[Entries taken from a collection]
+ + + + + + +

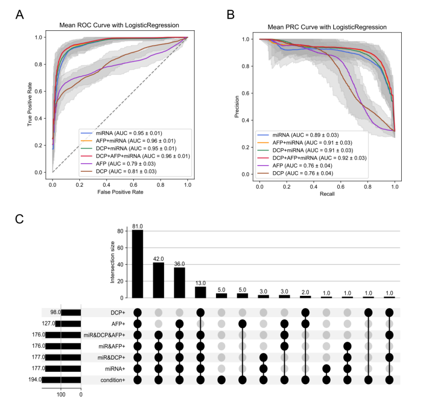 為進一步提高模型的診斷性能,我們將miRNA靶標(biāo)與AFP/DCP特征結(jié)合。結(jié)果顯示,結(jié)合后模型的ROC-AUC值提升至0.96,PRAUC值達(dá)到0.91(圖3A-B)。此外,基于該聯(lián)合特征的模型對194例HCC患者的總體靈敏度達(dá)到90.70%,顯著高于單獨使用miRNA靶標(biāo)時的88.06%(圖3C)。這表明miRNA與蛋白特征之間具有互補作用,顯著增強了HCC的診斷準(zhǔn)確性。
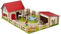 Ферма с животни - Дървена играчка с аксесоари - играчка
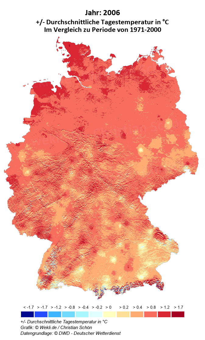 2006 - +/- Durchschnittliche Tagestemperatur in °C
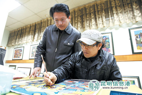 官渡民间画创作骨干经常切磋技艺。记者文惹愚/摄
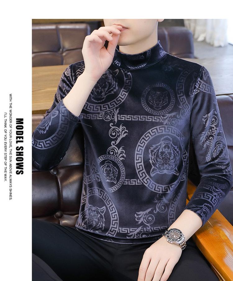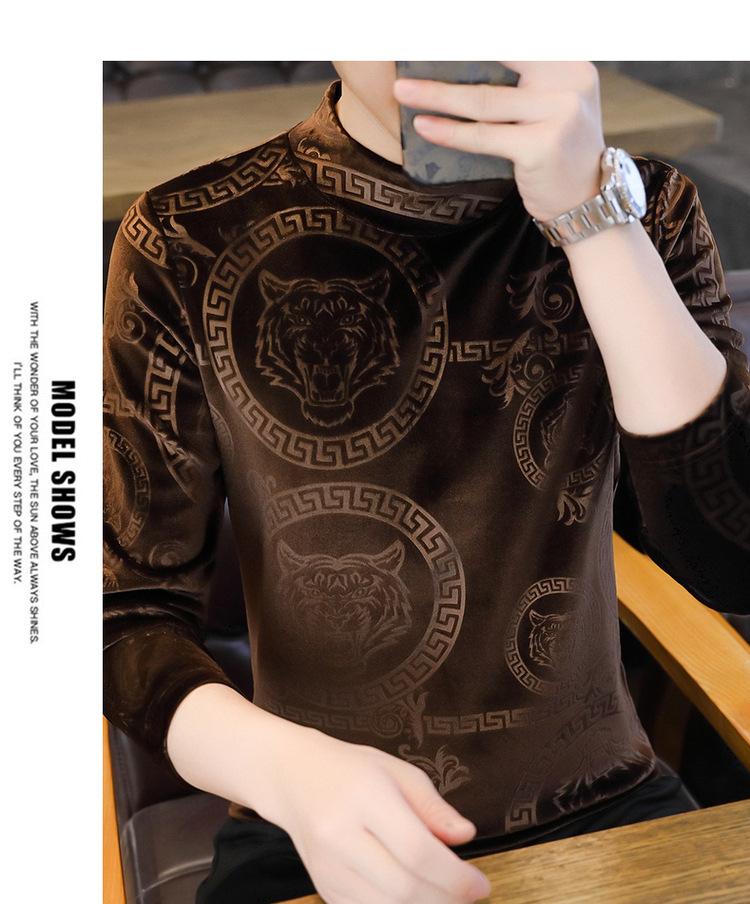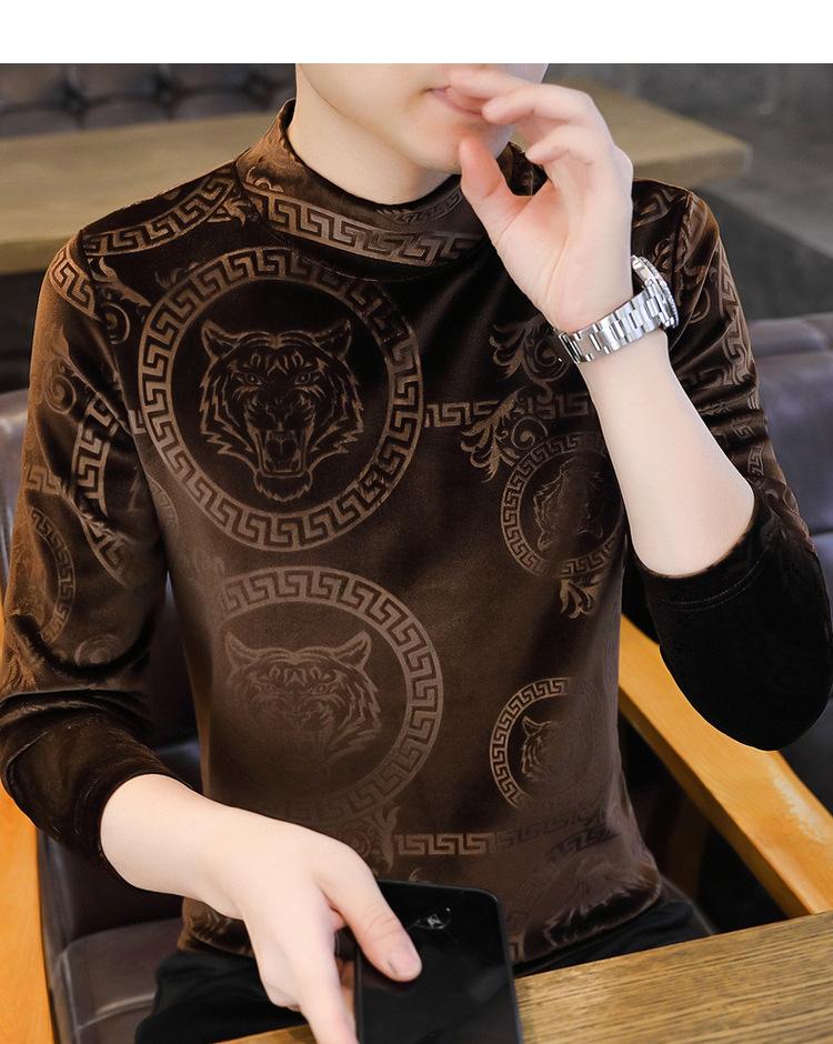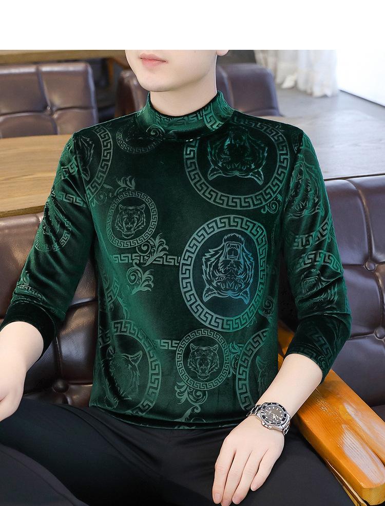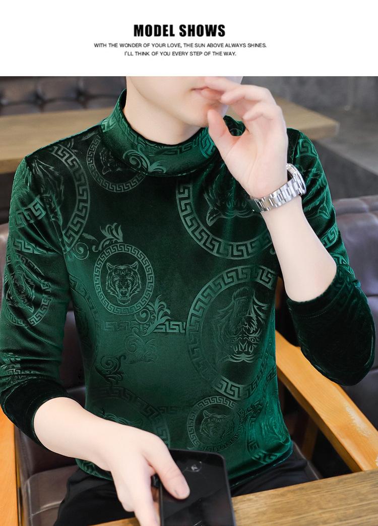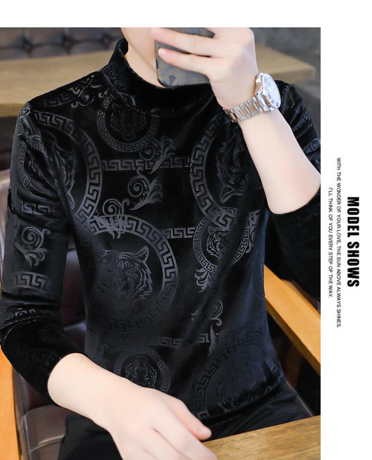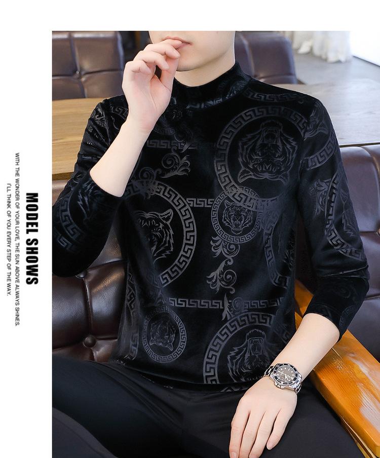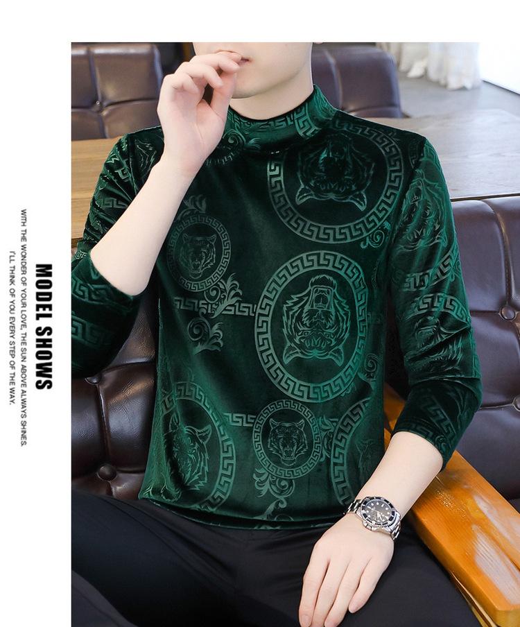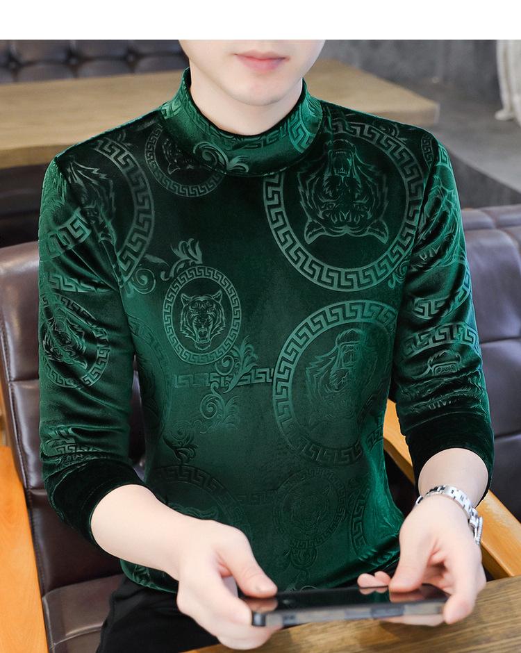 Suéter de manga larga de cuello medio de terciopelo dorado para otoño e invierno, nueva marca de moda para hombre, camiseta de cuello alto cálida y gruesa, camisa de fondo

+ + + + + + +

◆ **WORK TASK**: Print the data above exactly, from its first line to the line bearing "官渡民间画创作骨干经常切磋技艺。记者文惹愚/摄" inclusive, and keep pictures out of the result.

◆ **OUTPUT OF THE TASK**:
 為進一步提高模型的診斷性能,我們將miRNA靶標(biāo)與AFP/DCP特征結(jié)合。結(jié)果顯示,結(jié)合后模型的ROC-AUC值提升至0.96,PRAUC值達(dá)到0.91(圖3A-B)。此外,基于該聯(lián)合特征的模型對194例HCC患者的總體靈敏度達(dá)到90.70%,顯著高于單獨使用miRNA靶標(biāo)時的88.06%(圖3C)。這表明miRNA與蛋白特征之間具有互補作用,顯著增強了HCC的診斷準(zhǔn)確性。
 Ферма с животни - Дървена играчка с аксесоари - играчка
 2006 - +/- Durchschnittliche Tagestemperatur in °C
 官渡民间画创作骨干经常切磋技艺。记者文惹愚/摄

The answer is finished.